Comment 15 Duncan Murdoch 2016-03-30 18:09:40 UTC
In S3, debugging a generic is a sensible thing to do, and it steps into the method.  So I think debugging a generic in S4 could happen fairly frequently.
Comment 16 Gabriel Becker 2016-03-30 20:30:51 UTC
Created attachment 2048 [details]
Reworked patch v3

Fix issue so that there is no incorrect crosstalk between debug(f) and debug(f, signature=) or between undebug(f) and undebug(f, signature=)

Changed an accidental ::: to ::, as intended.
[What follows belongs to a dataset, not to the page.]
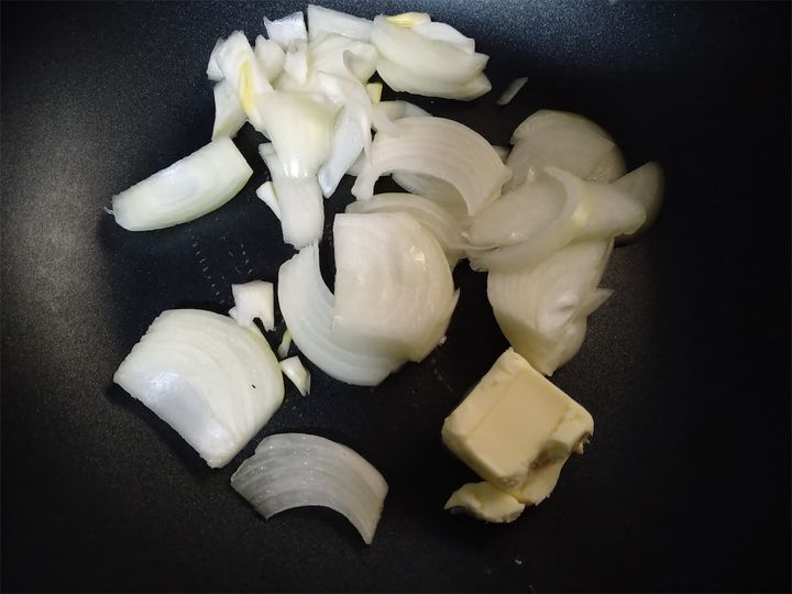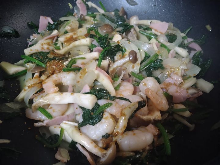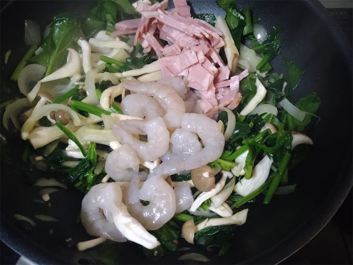 3.フライパンにバター20gを熱し、玉ねぎがしんなりするまで炒めたら、ほうれん草、エリンギ、しめじ、ベーコン、エビを順に入れて炒めます。

Fixed some grammar and clarity problems in documentation. Added usage for methods::isRematched
Comment 17 Gabriel Becker 2016-03-30 20:31:53 UTC
Created attachment 2049 [details]
updated test script

Added test cases to check for incorrrect crosstalk between undebug(f) and undebug(f, signature=)
Comment 18 Gabriel Becker 2016-03-30 21:50:55 UTC
Created attachment 2050 [details]
Reworked patch v4

Remove errant use of '=' for assignment

rework conditional logic in .TraceWithMethods and undebug to reduce code duplication and increase clarity.
Comment 19 Michael Lawrence 2016-03-30 22:17:17 UTC
Looks good. Thanks for responding to my comments (online and offline). I will massage this a little and incorporate it tonight or early tomorrow.
Comment 20 Michael Lawrence 2016-03-31 10:59:09 UTC
Upon closer inspection, it looks like debugcall() and undebugcall() share about 25 lines of code (after I simplified a lot). I'm going to move debugcall(), undebugcall() and isS3stdGeneric() to utils. They fit better there, and we can hide things behind the namespace.
Comment 21 Michael Lawrence 2016-03-31 11:21:48 UTC
Moving to utils will also allow sharing code with .helpForCall(), which unsurprisingly has very similar logic. It handles many cases that this patch forgot, such as generics with "..." as the signature, handling missing arguments with the "missing" class, etc.